Donald Trump carried the district by 7.6 percent over Hillary Clinton. I don’t know the district well enough to call it “Trump County” in the way that southern West Virginia is Trump Country, and it does contain one city, Allentown. But at the very least, Trump support there is higher than average. It’s Trumpy enough that a local state legislator, Justin Simmons, announced recently that he was going to challenge Dent in a primary in 2018 because Dent has been insufficiently loyal to the MAGA cause. The way these things work, this means Simmons saw some encouraging polling, and there’s some money behind an effort to get the RINO Dent out.

Sure enough, when Dent announced his retirement, there was no small amount of gloating in the national right-wing press and in the district. Read this informative column by John L. Micek of pennlive.com for the details on all that. His headline reads, “With Charlie Dent’s retirement, Trumpism claims its first scalp—and it won’t be the last.”

Dent is the twelfth Republican House member so far this year to announce he’s hanging it up. Many of the 12 are from districts where a Democrat can win—some districts in south Florida and New Jersey in particular. And of course I hope the Democrats win them all, because I hope the Democrats take back the House to stop all the awful legislation Trump and Mitch McConnell want to pass, and to perform real oversight on this corrupt administration and help (or stay out of the way of) the Russia investigation instead of working to sabotage it, as Trey Gowdy is doing now.

But at the same time, it’s worth thinking about the consequences of a Washington without Charlie Dents or Ileana Ros-Lehtinens, the Miami representative who’s also been solidly anti-Trump. A congressional Republican Party that is reduced to its (sorry for this, but…) Trump rump would be a pretty nasty sight to behold.
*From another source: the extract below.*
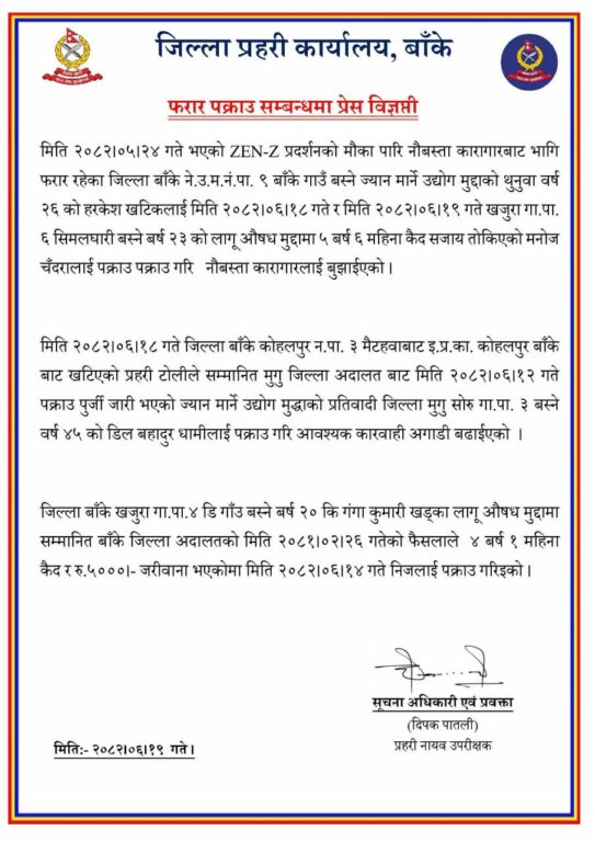 बाँके । जिल्ला प्रहरी कार्यालय बाँकेले विभिन्न अपराधमा फरार रहेका ४ जनालाई पक्राउ गरेको छ । पक्राउ परेकामध्ये दुई जना जेन जी आन्दोलनको मौकामा जेलबाट फरार भएकाहरू समेत छन् ।
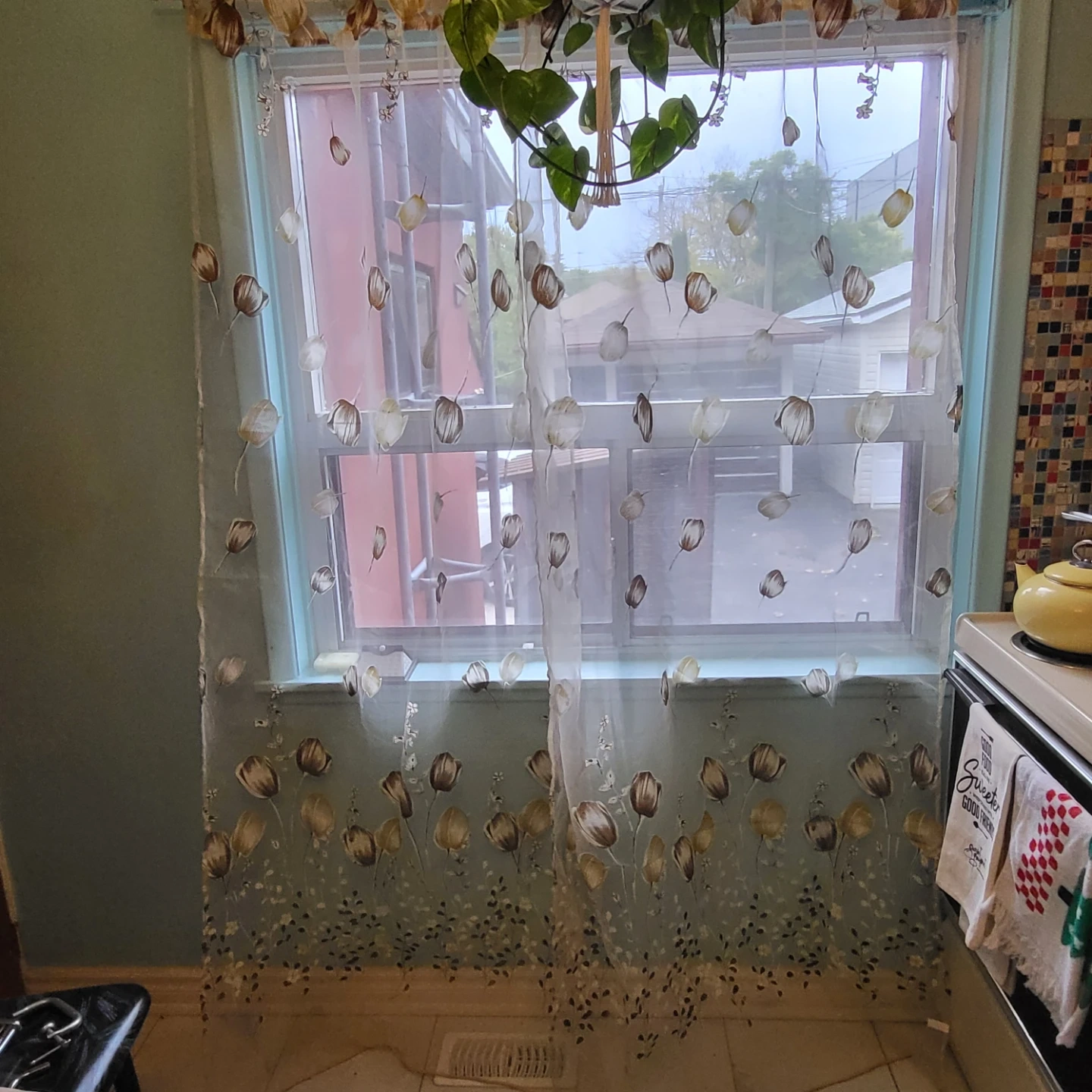 231Add a touch of elegance to your home with this sheer curtain panel! The floral print will let in plenty of light while still providing some privacy. Each panel 80 x 40 inch

First of all, if they lose the majority, Paul Ryan will be out as speaker. Good riddance, you say. Well, yeah. But stop and think about who’d take his place. With the party caucus reduced to, say, 205 or so, and with all the Dents and Ros-Lehtinens gone, what kind of person would win an internal election for minority leader? A serious rightie, that’s who. They might not go full Louie Gohmert on us, but it would likely be someone who lives in his neck of the ideological woods.

“Obstruction” doesn’t begin to describe what this minority would do. And remember, they’d be the minority only in the House. The GOP would still have the Senate and the White House. So the Democrats, beyond being able to block and investigate, won’t be able to do anything affirmative. And it will just be daily trench warfare.

I’m sitting here trying to think of a historical precedent for this Trump rump House GOP. There aren’t many. I hate to say this, because of the obvious ominous overtones, but the closest thing I can come up with are the Democratic House caucuses of… yep, the late 1850s. After the Democrats lost 35 seats in 1858 (and 1859, because congressional elections weren’t regularized then), they were pretty much down to the hard-shell racists, with a handful of Northern big-city machine types.

I’m not saying we’re inching our way in that direction. But I’m not saying we’re not, either. I’ve written many times that what our political system needs more than anything else is a real reborn movement of moderate Republicanism. Only when Republicans feel heat from the center and not just from the right will their behavior change.

I’m happy for the Democrats to pick up these seats if they can, but I’m aware that they would come at a price.